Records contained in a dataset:
╔══

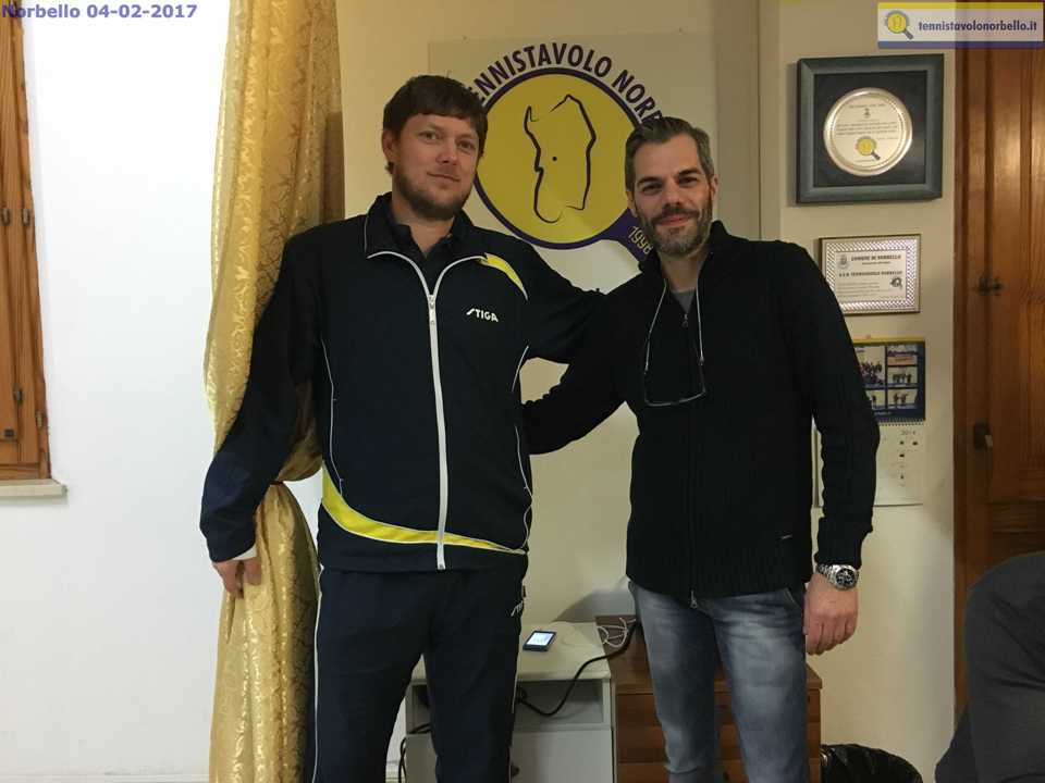 Il presidente della Fitet Sardegna Simone Carrucciu con l’atleta del Post Sv Muhlhausen Bohumil Vozicky (Foto Gianluca Piu)
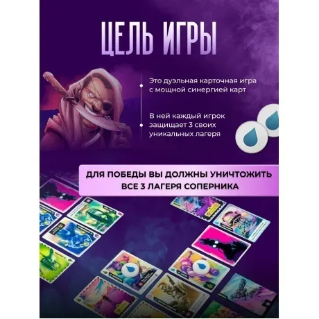 «Radlands. Земля руин» это дуэльная карточная игра с мощной синергией карт. В ней каждый игрок защищает по 3 уникальных лагеря. Для победы вы должны уничтожить все 3 лагеря соперника. Главный ресурс в игре вода. Тратьте воду, чтобы разыгрывать карты людей и событий и использовать способности карт, лежащих на столе.
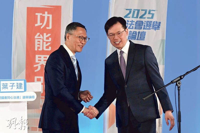【明報專訊】政府同日為立法會工業界(第二)及金融界選舉舉行論壇,兩界別也是由新人挑戰連任者。其中金融界挑戰者葉子建稱,立法會設金融界議席以來,未試過有挑戰者「打敗」現任議員,但相信此局面有一日終會改變,又稱其編號為「T1」、即是1號風球的標誌,若1號風球要變成「破局的大風」,須靠選民支持。爭連任的陳振英說,自己有兩屆議會歷練、熟知業界所需,形容「有經驗是穩健的基礎」,會充當業界溝通橋樑,面對複雜多變的政經形勢,會竭力維護業界經營環境。
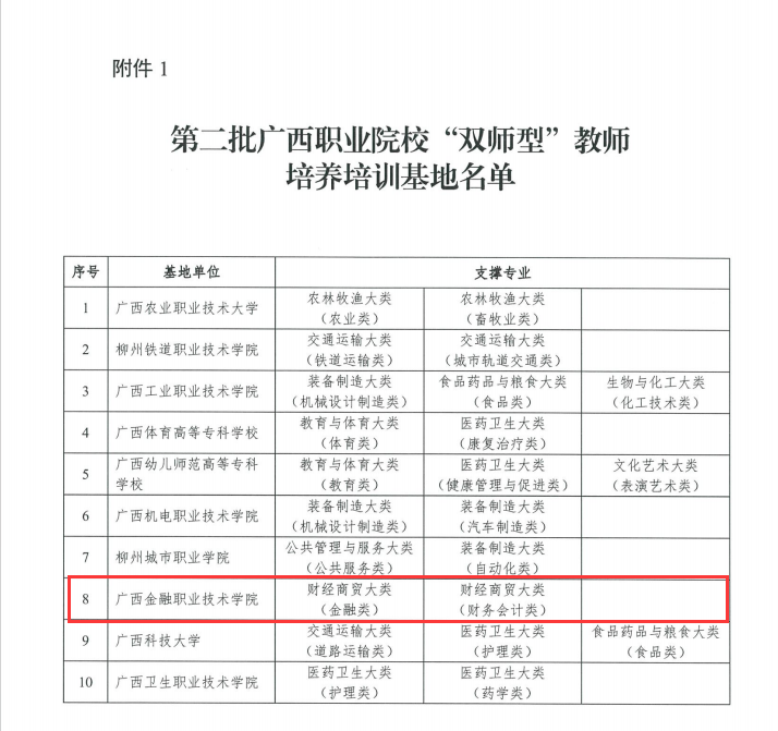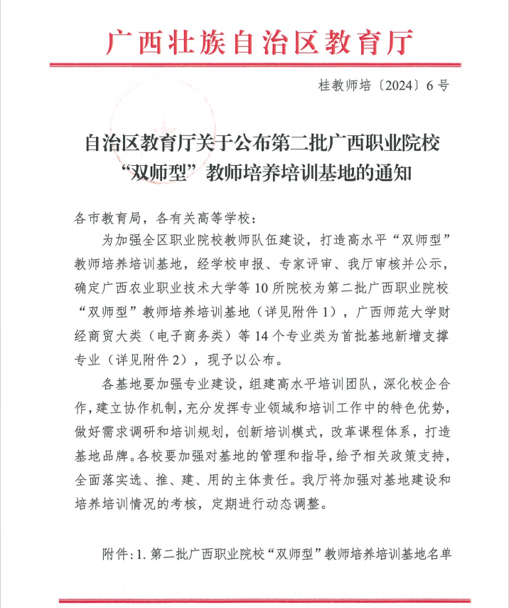 近日,自治區教育廳印發《關于公布第二批廣西職業院校“雙師型”教師培養培訓基地的通知》(桂教師培﹝2024﹞6號),經專家評審、自治區教育廳審核遴選并公示無異議后,我校成功入選第二批廣西職業院校“雙師型”教師培養培訓基地,支撐專業為財經商貿大類的金融類和財務會計類。
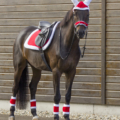 Dress your horse for Christmas with this red saddle pad, lined with imitation fur.
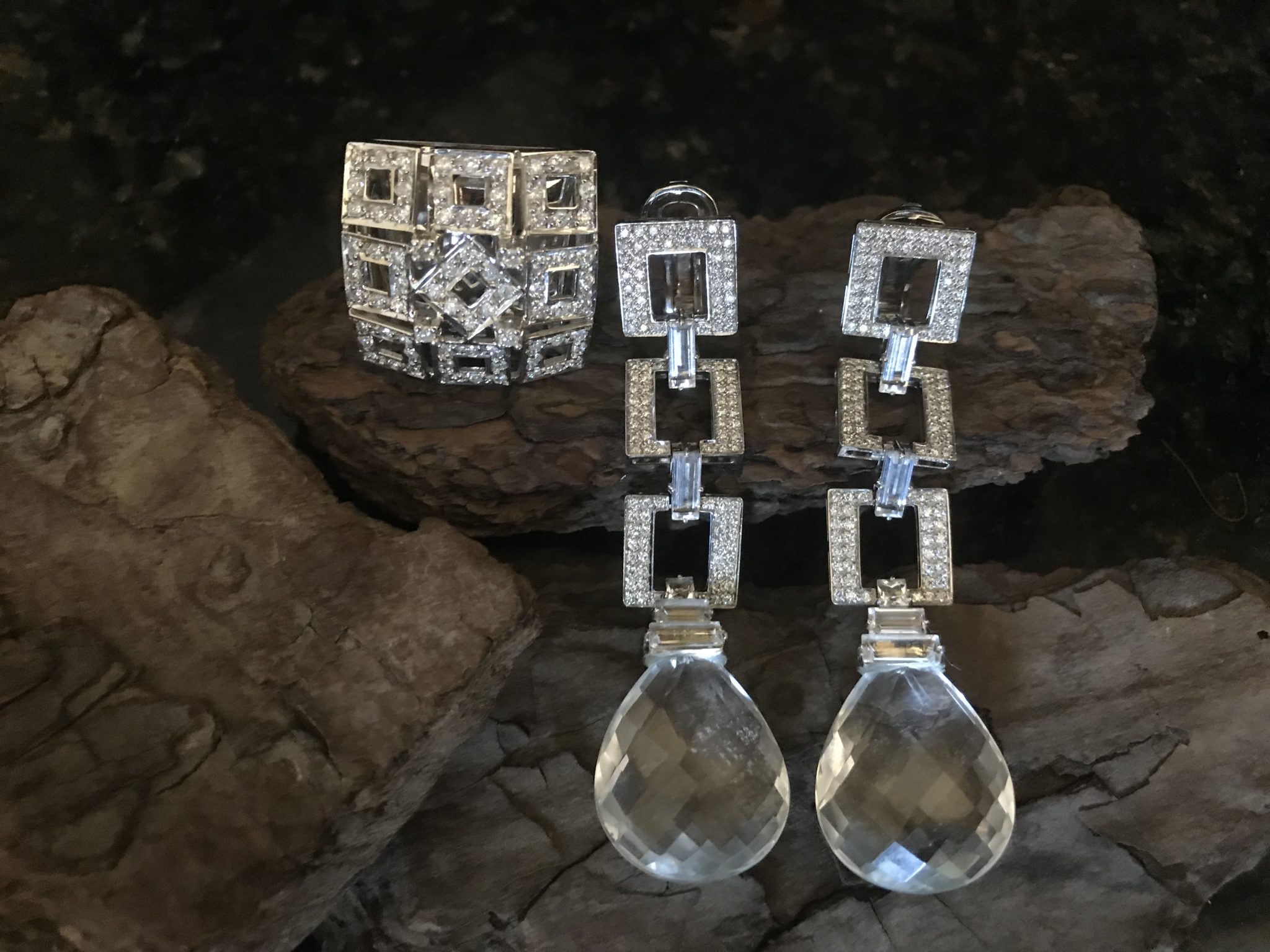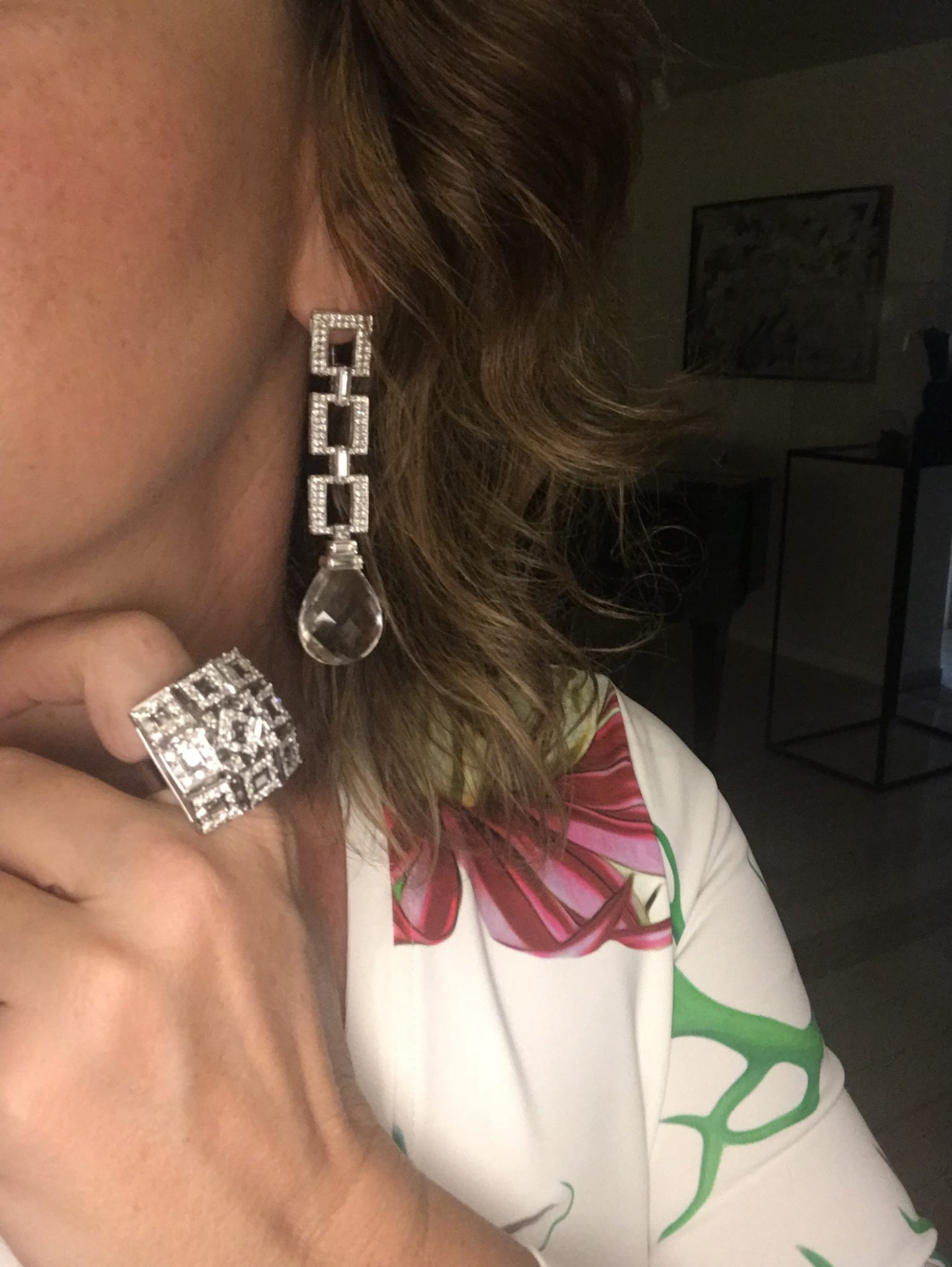 Repare que os quadrados de brilhantes se repetem nos brincos.

╚══

**Task to complete**:
Lines from the one that contains "近日,自治區教育廳印發《關于" through the last line of the data above are to be extracted exactly, with no pictures and no other lines.

**Result below**:
 近日,自治區教育廳印發《關于公布第二批廣西職業院校“雙師型”教師培養培訓基地的通知》(桂教師培﹝2024﹞6號),經專家評審、自治區教育廳審核遴選并公示無異議后,我校成功入選第二批廣西職業院校“雙師型”教師培養培訓基地,支撐專業為財經商貿大類的金融類和財務會計類。
 Dress your horse for Christmas with this red saddle pad, lined with imitation fur.
 Repare que os quadrados de brilhantes se repetem nos brincos.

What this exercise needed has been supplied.